**Supplied entries:**
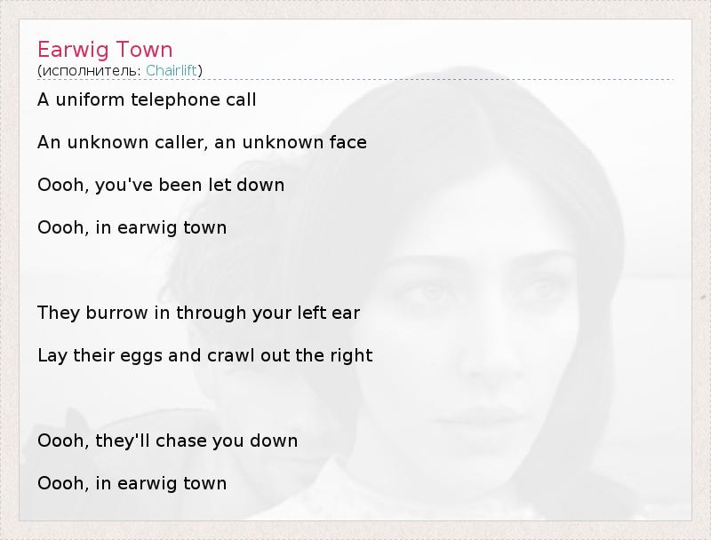A uniform telephone call An unknown caller, an unknown face Oooh, you've been let down Oooh, in earwig town They burrow in through your left ear Lay their eggs and crawl out the right Oooh, they'll chase you down Oooh, in earwig town
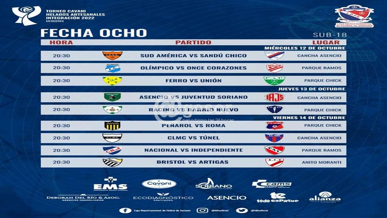 Nueve partidos conforma a octava fecha del torneo Integración de la categoría Sub 18 de fútbol mercedario. Los mismos se disputarán en tres etapas, miércoles, jueves y viernes en canchas de Asencio, Parque Ramos, Parque Chick, cancha de Asencio y en el Anito Moranti.
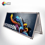 Rama + baner wielkoformatowy Monsoon teraz dostępny także w wersji naściennej. Ramę można zamontować na zewnątrz lub wewnątrz budynku. Łatwy montaż grafiki umożliwia jej regularną wymianę.
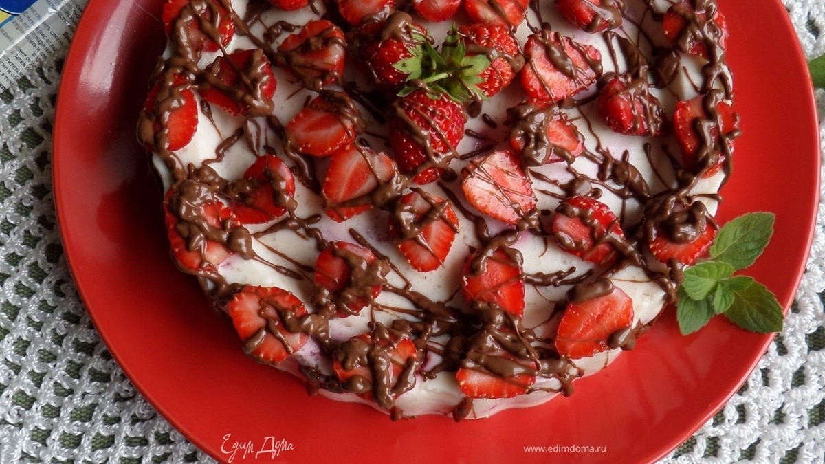Рисово-творожный торт с клубникой
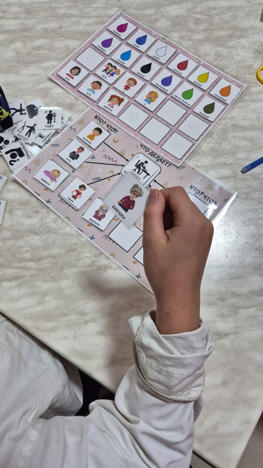 Создание пиктограмм использовалось как инструмент визуальной организации: дети подбирали и располагали изображения простых действий — писать, говорить, играть — и применяли их для планирования и организации своей деятельности на занятиях.

**Description of the task:** Give back, word for word, the lines from the line that contains "Rama + baner" through the last line of the records, with no pictures and nothing else.

**Written solution:**
 Rama + baner wielkoformatowy Monsoon teraz dostępny także w wersji naściennej. Ramę można zamontować na zewnątrz lub wewnątrz budynku. Łatwy montaż grafiki umożliwia jej regularną wymianę.
Рисово-творожный торт с клубникой
 Создание пиктограмм использовалось как инструмент визуальной организации: дети подбирали и располагали изображения простых действий — писать, говорить, играть — и применяли их для планирования и организации своей деятельности на занятиях.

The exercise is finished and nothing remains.